In the listing below, find the line with "あす19日(土)は、鹿児島・" and copy every line from there up to and including the line with "Continuing the spirit", exactly and without pictures.

(Material for the task):
================

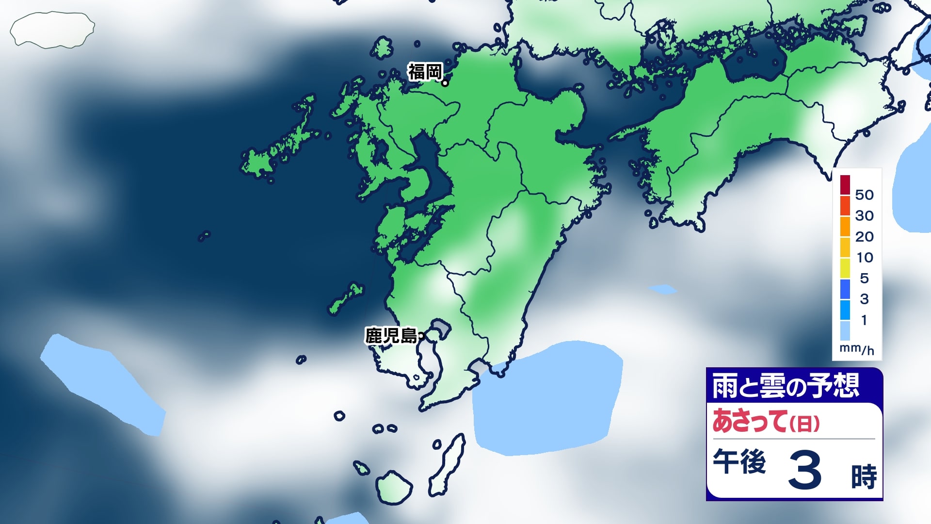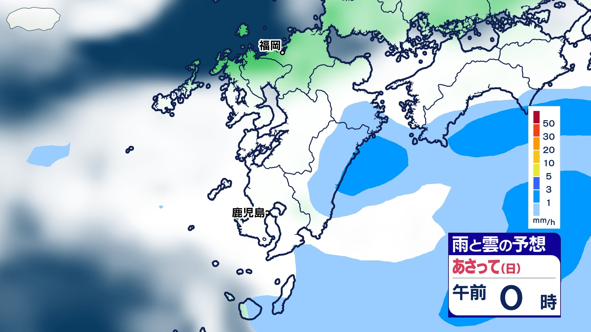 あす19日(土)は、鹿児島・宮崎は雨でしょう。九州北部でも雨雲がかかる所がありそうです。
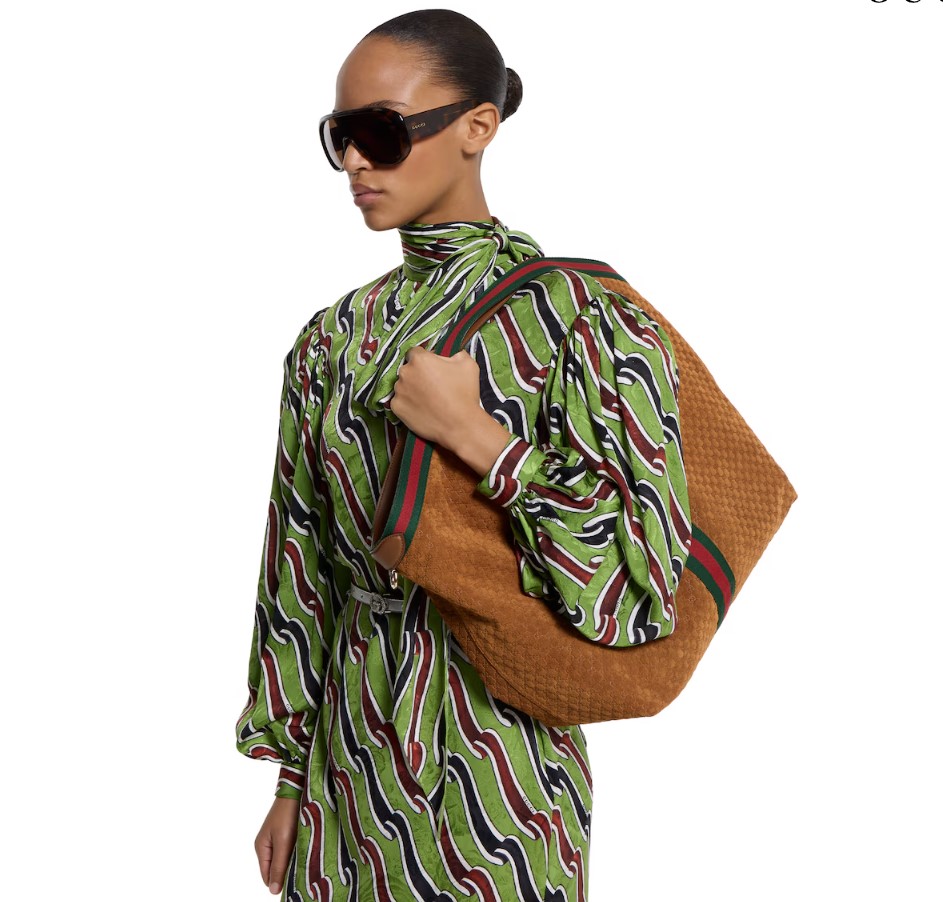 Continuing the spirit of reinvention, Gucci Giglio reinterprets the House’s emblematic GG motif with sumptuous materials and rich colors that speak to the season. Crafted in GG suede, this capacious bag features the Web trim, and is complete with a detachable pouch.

================

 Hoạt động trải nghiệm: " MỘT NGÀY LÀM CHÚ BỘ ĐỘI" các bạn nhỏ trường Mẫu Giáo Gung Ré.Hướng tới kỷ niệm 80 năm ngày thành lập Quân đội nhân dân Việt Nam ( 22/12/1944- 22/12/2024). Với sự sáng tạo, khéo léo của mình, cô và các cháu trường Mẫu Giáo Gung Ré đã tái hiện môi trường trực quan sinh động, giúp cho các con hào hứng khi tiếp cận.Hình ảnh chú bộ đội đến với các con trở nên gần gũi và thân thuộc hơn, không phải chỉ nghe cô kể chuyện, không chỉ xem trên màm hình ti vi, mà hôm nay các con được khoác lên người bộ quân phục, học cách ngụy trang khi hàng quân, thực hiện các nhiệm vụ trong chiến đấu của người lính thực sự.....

================

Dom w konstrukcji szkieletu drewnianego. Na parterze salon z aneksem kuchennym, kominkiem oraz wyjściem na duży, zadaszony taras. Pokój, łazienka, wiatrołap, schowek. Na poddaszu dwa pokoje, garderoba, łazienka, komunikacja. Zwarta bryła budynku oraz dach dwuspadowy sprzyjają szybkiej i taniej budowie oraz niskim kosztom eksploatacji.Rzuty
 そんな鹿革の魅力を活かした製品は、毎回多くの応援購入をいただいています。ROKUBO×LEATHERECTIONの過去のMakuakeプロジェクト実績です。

================

(Exercise answer):
 あす19日(土)は、鹿児島・宮崎は雨でしょう。九州北部でも雨雲がかかる所がありそうです。
 Continuing the spirit of reinvention, Gucci Giglio reinterprets the House’s emblematic GG motif with sumptuous materials and rich colors that speak to the season. Crafted in GG suede, this capacious bag features the Web trim, and is complete with a detachable pouch.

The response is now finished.